It’s on—30 November promises to be the biggest day of strikes for almost a century.

That fact was underlined by last week’s ballot results from 1.1 million Unison union members. The ballot delivered an overwhelming vote to strike.

Across the union 79 percent voted to strike. And in the NHS the result was even better—82 percent backed a walkout.

Ballots in the Unite and GMB unions continue.

All together, up to three million workers could strike on 30 November.

The size of the Unison vote tells us how deep the anger at the government runs.

“Everywhere I go, people say enough is enough,” Andrew Anderson of Derbyshire Unison told Socialist Worker.

“People are 100 percent up for going on strike. Across the board they’re saying it’s not on. I’m no militant—but now is the time. We’re being shafted.”

Andrew is furious at the government’s claims that workers have to pay more because they’re living longer.

“The money’s not for pensions—it’s for the government’s coffers,” he said. “Why should we have to pay for their mistakes?”

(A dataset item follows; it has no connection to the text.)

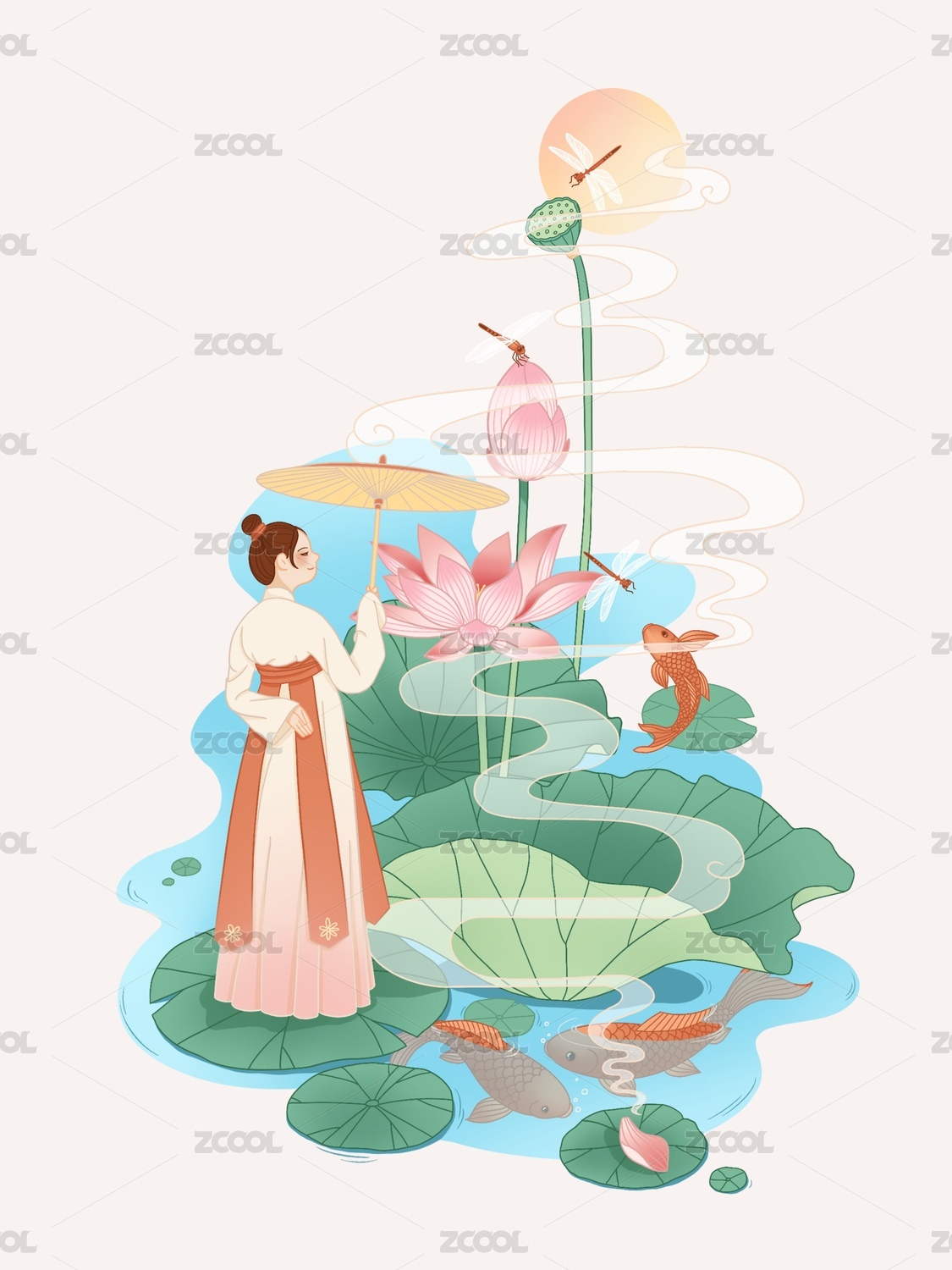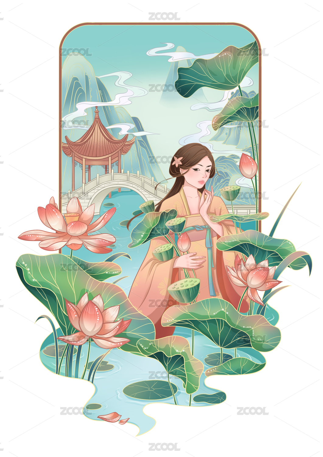 中式荷花唯美插画

The government claims it has made a new, improved offer to the unions on pensions. Lib Dem minister Danny Alexander called it “generous” and “the chance of a lifetime”.

But Andrew is far from impressed.

“They’re the biggest bunch of swindlers ever put on this earth,” he said.

“We’ll still be contributing a day’s pay extra each month to get a smaller pension at the end.”

Jo Rust of Norfolk Unison agrees.

“What they’ve suggested isn’t ‘generous’,” she said.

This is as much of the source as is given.